RECORD SET:
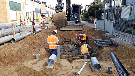 De werkzaamheden in Kerkveld zijn volop bezig. Het bedrijf Pauw Dodewaard voert het werk uit, in opdracht van de gemeente.
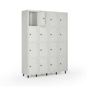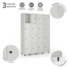 Fabricado em chapa de aço nº 26 (0,045cm), o roupeiro conta com 16 portas individuais, tratamento anticorrosão e pintura eletrostática a pó.
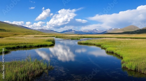 Serene mountain lake reflecting clouds and snow-capped peaks under a vibrant blue sky, surrounded by lush green grasses and reeds. : Generative AI
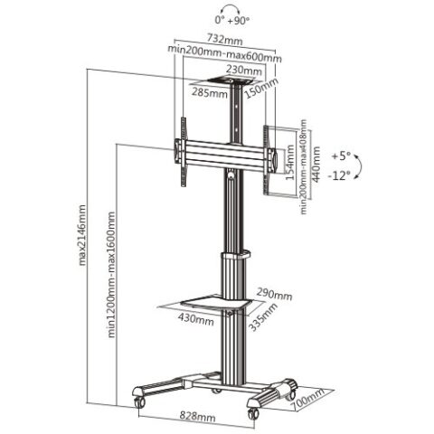 TTV04-46TW Height adjustable TV Cart/TV Floor Stand for 37-70”
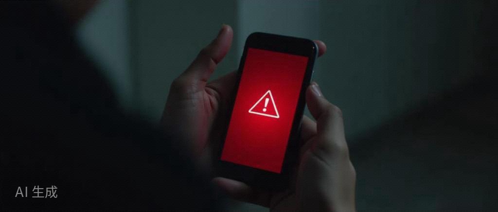 提示词:电话铃声响起,手机屏幕上显示着一个大大的红色警示标志,恐怖的氛围。
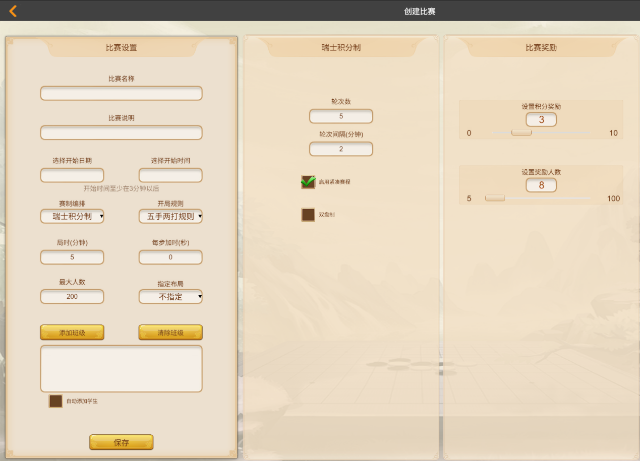 可以按班级自动导入参赛学生,也可以在校内自由报名参赛。
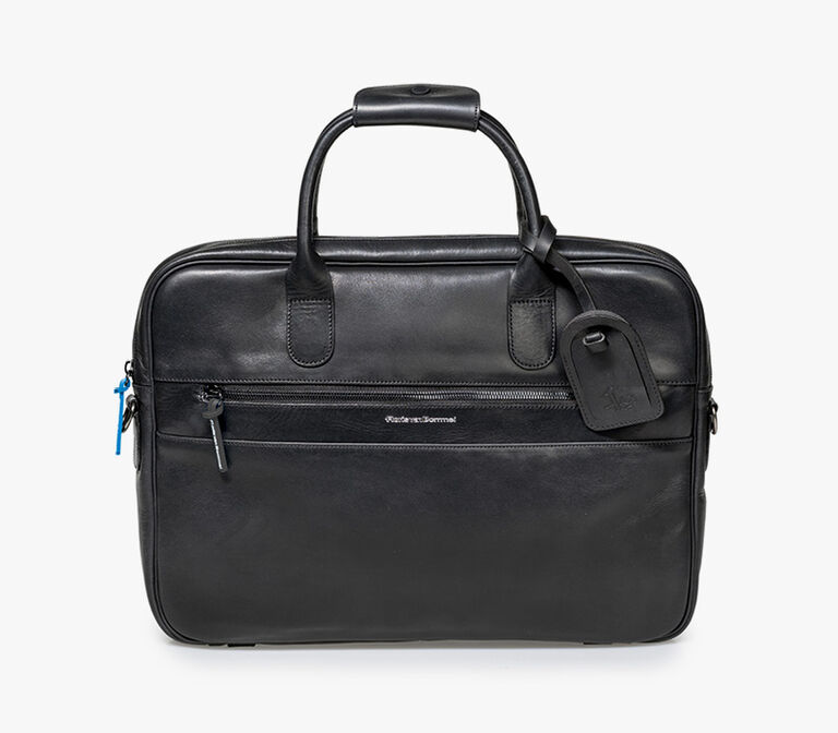 This is the slimmer version of our office bag. In today’s paperless age, this elegant black leather bag is more than sufficient for everyday office utensils. The bag has a padded compartment for laptops up to 16 inches. The padded bottom of the bag ensures that the laptop will be well protected when putting the bag down. The interior of the bag has three generous compartments, two of which can be closed with a Velcro strap and one with a zip.
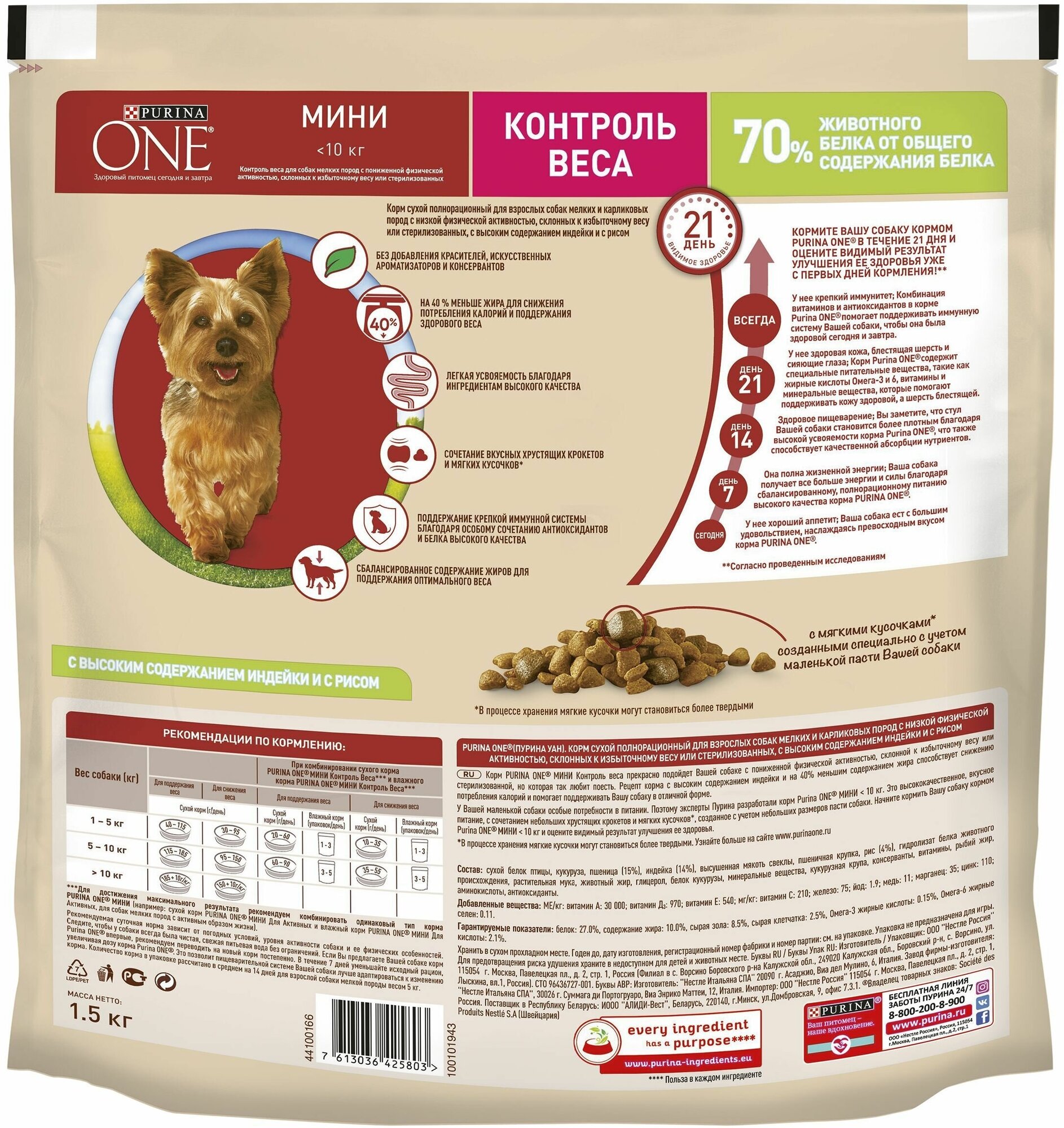 PURINA ONE мини здоровый ВЕС для взрослых собак маленьких пород с индейкой и рисом (1,5 кг)
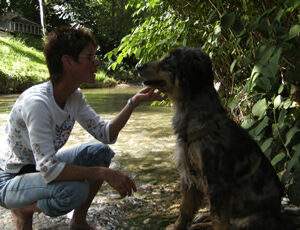 uns gehts, wie ich dir ja vor kurzem schon geschrieben hab, super gut. Jerry und ich machen uns jeden Tag gegenseitig einfach nur ganz viel Freude. Jerry ist ein so besonderer Hund! Für mich immer wieder unbegreiflich, wie ein so toller, lieber Hund ein Jahr im Tierheim gesessen hat. Wenn er seine Spaziergänge, Spiele und Kuscheleinheiten hat, ist er absolut cool und gelassen und regt sich wegen gar nix mehr auf (nur wenn uns eine Katze über den Weg läuft – und wenn´s im Wald was zu jagen gibt).
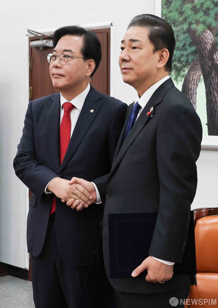 [서울=뉴스핌] 윤창빈 기자 = 김병기 더불어민주당 원내대표, 송언석 국민의힘 원내대표, 가 2일 서울 여의도 국회에서 2026년도 예산안 처리를 위한 합의문에 서명을 마치고 기념촬영을 하고 있다. 2025.12.02 pangbin@newspim.com
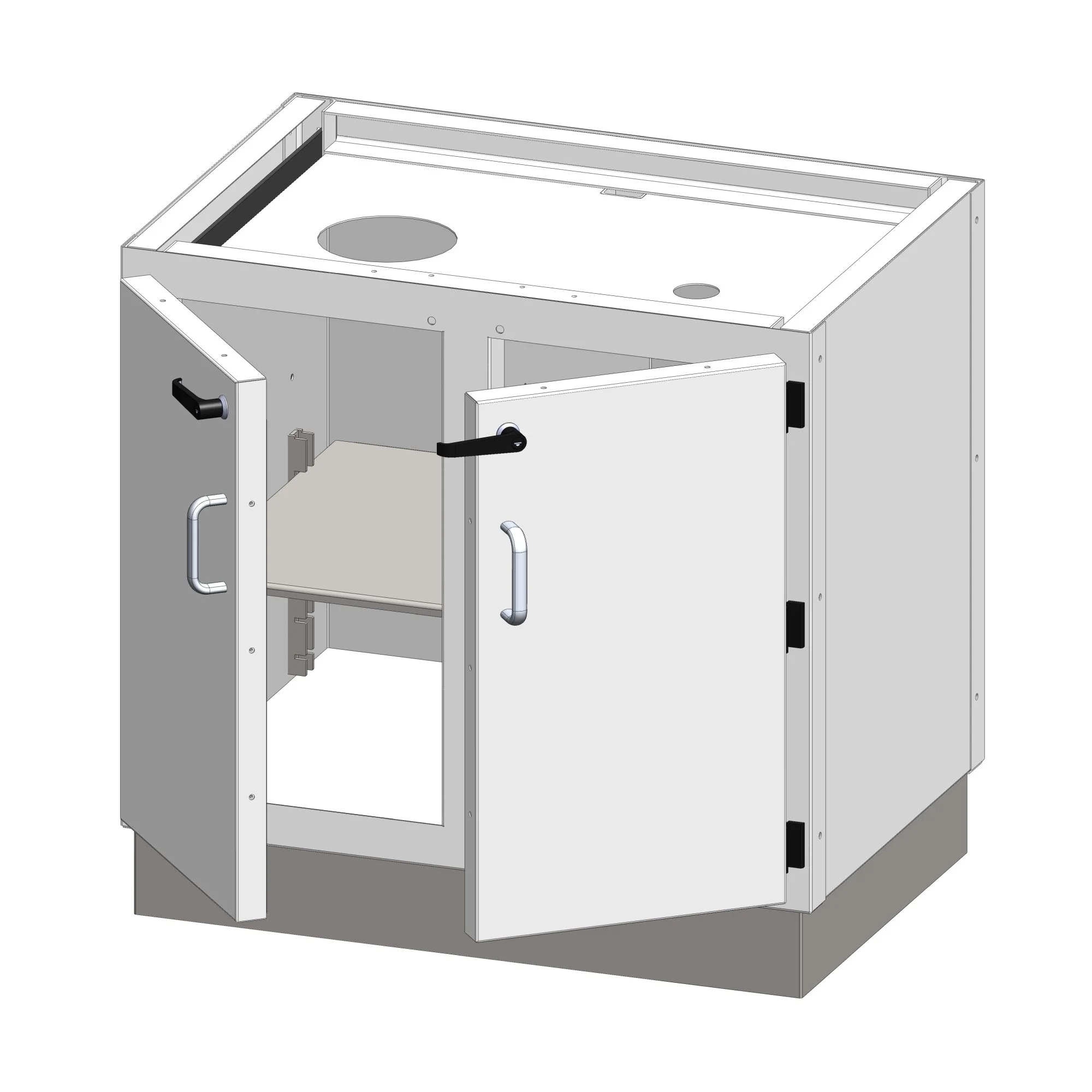 Available as a standard size with the details shown below or to a custom size and with custom worktop, the Dispensing Bench cabinet can be installed with up to 30mm of lead. The bench is split into two sides with individual doors. Each side features adjustable position shelves and a heavy duty mortice lock for securing the contents. Ideally suited to decay storage of excess doses and waste.
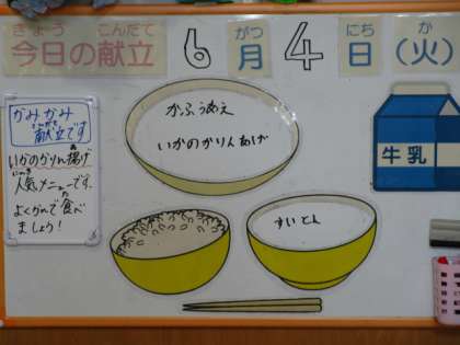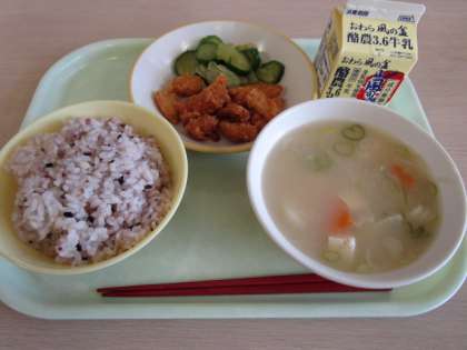 今日の献立は、雑穀入りごはん、牛乳、いかのかりん揚げ、華風和え、すいとんです。
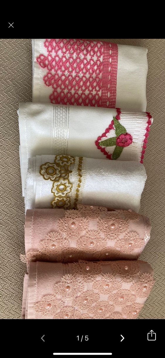 Hafif pembe ve beyaz renklerde, nakışlı çiçek desenleri ve ince dantel detaylarıyla gelen geleneksel tarz havlular. 5.adet adet fiyatıdır isteyen topluda alabilir.
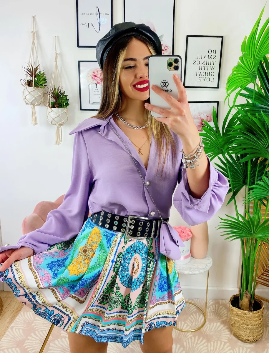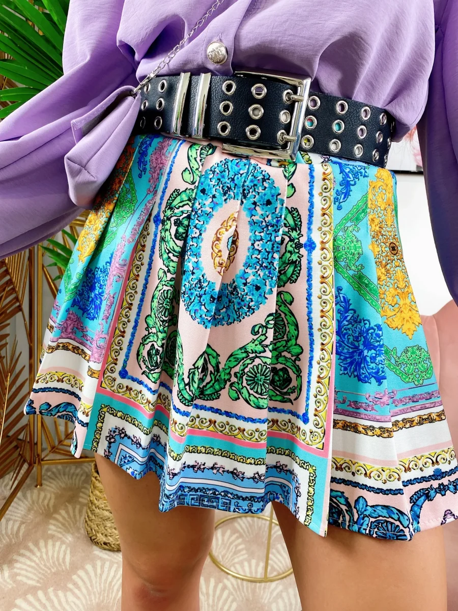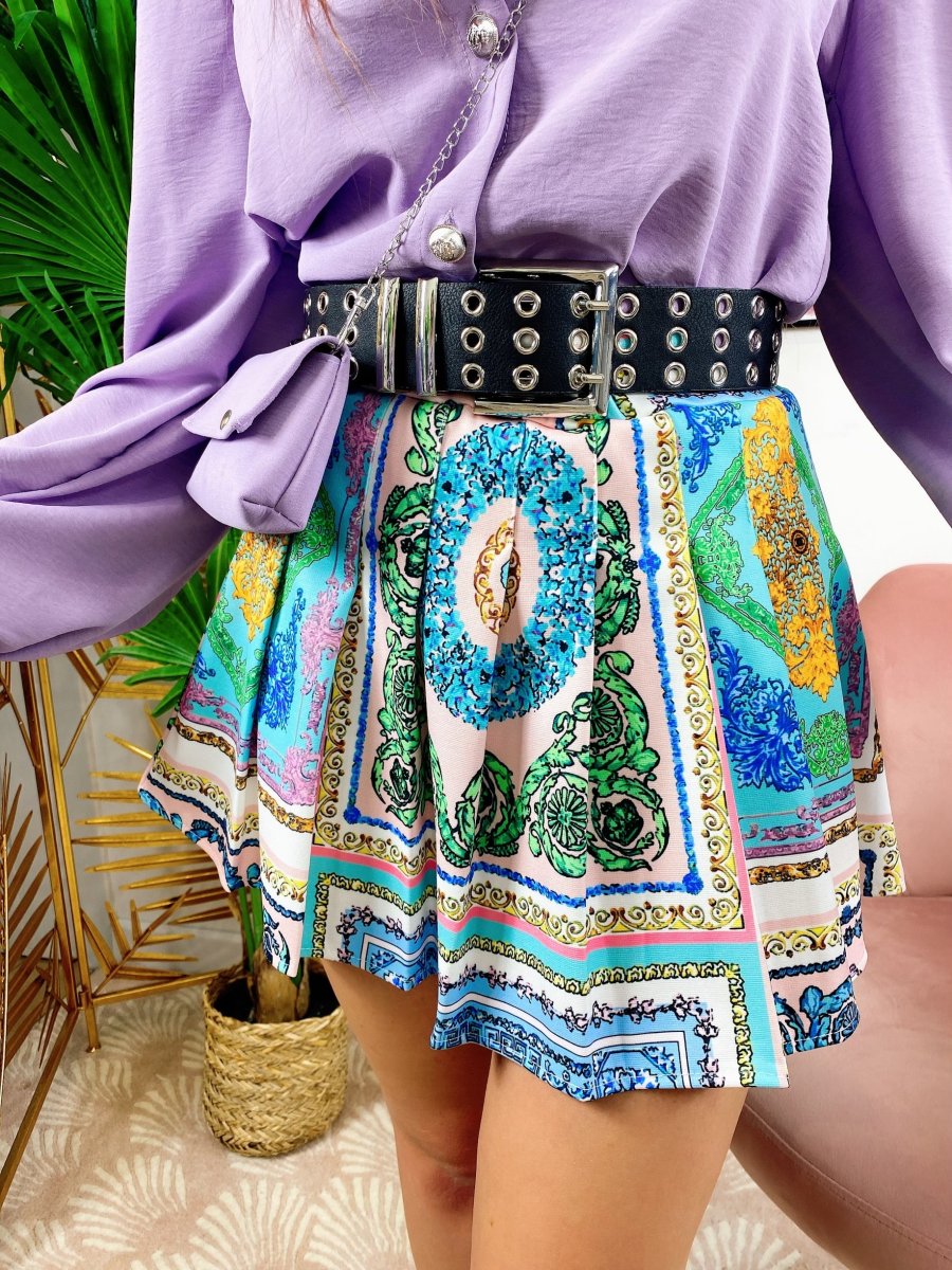 Short con stampa etnica sfumature celesti , elasticizzato e comodo.
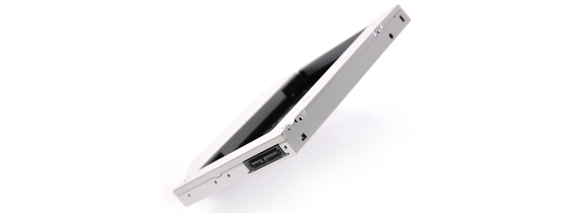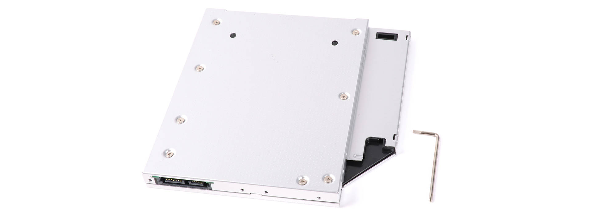 由于笔记本硬盘的特殊性和更高的制作工艺,高速与容量一直不能并肩而行,为此我们为笔记本电脑研发了这款选件——第二块硬盘适配器(俗称光驱位硬盘盒或是光驱位硬盘托架),内置于带光驱的大部分机型中,实现2块硬盘同时使用,高容量与高速兼得;在SSD越来越普及的时代,光驱位硬盘架为您带来了既有高速运行的系统,又能大容量存储的解决方案。
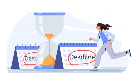 Concept of deadline and time with sand clock and white board written with Deadline.
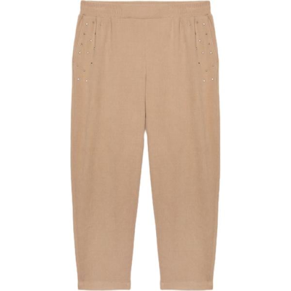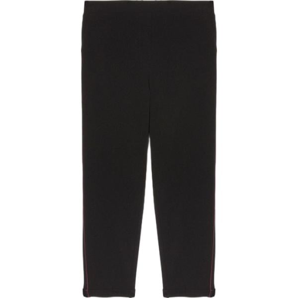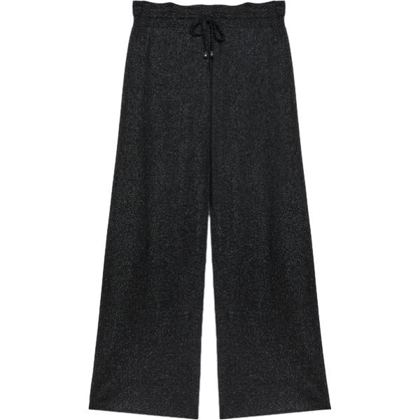 Pantaloni da donna forma svasata in nero pece con pizzo con coulisse in viscosa

GOAL OF THE EXERCISE: A verbatim transcript of the entries above is required, with the pictures left out.

WRITTEN SOLUTION:
 De werkzaamheden in Kerkveld zijn volop bezig. Het bedrijf Pauw Dodewaard voert het werk uit, in opdracht van de gemeente.
 Fabricado em chapa de aço nº 26 (0,045cm), o roupeiro conta com 16 portas individuais, tratamento anticorrosão e pintura eletrostática a pó.
 Serene mountain lake reflecting clouds and snow-capped peaks under a vibrant blue sky, surrounded by lush green grasses and reeds. : Generative AI
 TTV04-46TW Height adjustable TV Cart/TV Floor Stand for 37-70”
 提示词:电话铃声响起,手机屏幕上显示着一个大大的红色警示标志,恐怖的氛围。
 可以按班级自动导入参赛学生,也可以在校内自由报名参赛。
 This is the slimmer version of our office bag. In today’s paperless age, this elegant black leather bag is more than sufficient for everyday office utensils. The bag has a padded compartment for laptops up to 16 inches. The padded bottom of the bag ensures that the laptop will be well protected when putting the bag down. The interior of the bag has three generous compartments, two of which can be closed with a Velcro strap and one with a zip.
 PURINA ONE мини здоровый ВЕС для взрослых собак маленьких пород с индейкой и рисом (1,5 кг)
 uns gehts, wie ich dir ja vor kurzem schon geschrieben hab, super gut. Jerry und ich machen uns jeden Tag gegenseitig einfach nur ganz viel Freude. Jerry ist ein so besonderer Hund! Für mich immer wieder unbegreiflich, wie ein so toller, lieber Hund ein Jahr im Tierheim gesessen hat. Wenn er seine Spaziergänge, Spiele und Kuscheleinheiten hat, ist er absolut cool und gelassen und regt sich wegen gar nix mehr auf (nur wenn uns eine Katze über den Weg läuft – und wenn´s im Wald was zu jagen gibt).
 [서울=뉴스핌] 윤창빈 기자 = 김병기 더불어민주당 원내대표, 송언석 국민의힘 원내대표, 가 2일 서울 여의도 국회에서 2026년도 예산안 처리를 위한 합의문에 서명을 마치고 기념촬영을 하고 있다. 2025.12.02 pangbin@newspim.com
 Available as a standard size with the details shown below or to a custom size and with custom worktop, the Dispensing Bench cabinet can be installed with up to 30mm of lead. The bench is split into two sides with individual doors. Each side features adjustable position shelves and a heavy duty mortice lock for securing the contents. Ideally suited to decay storage of excess doses and waste.
 今日の献立は、雑穀入りごはん、牛乳、いかのかりん揚げ、華風和え、すいとんです。
 Hafif pembe ve beyaz renklerde, nakışlı çiçek desenleri ve ince dantel detaylarıyla gelen geleneksel tarz havlular. 5.adet adet fiyatıdır isteyen topluda alabilir.
 Short con stampa etnica sfumature celesti , elasticizzato e comodo.
 由于笔记本硬盘的特殊性和更高的制作工艺,高速与容量一直不能并肩而行,为此我们为笔记本电脑研发了这款选件——第二块硬盘适配器(俗称光驱位硬盘盒或是光驱位硬盘托架),内置于带光驱的大部分机型中,实现2块硬盘同时使用,高容量与高速兼得;在SSD越来越普及的时代,光驱位硬盘架为您带来了既有高速运行的系统,又能大容量存储的解决方案。
 Concept of deadline and time with sand clock and white board written with Deadline.
 Pantaloni da donna forma svasata in nero pece con pizzo con coulisse in viscosa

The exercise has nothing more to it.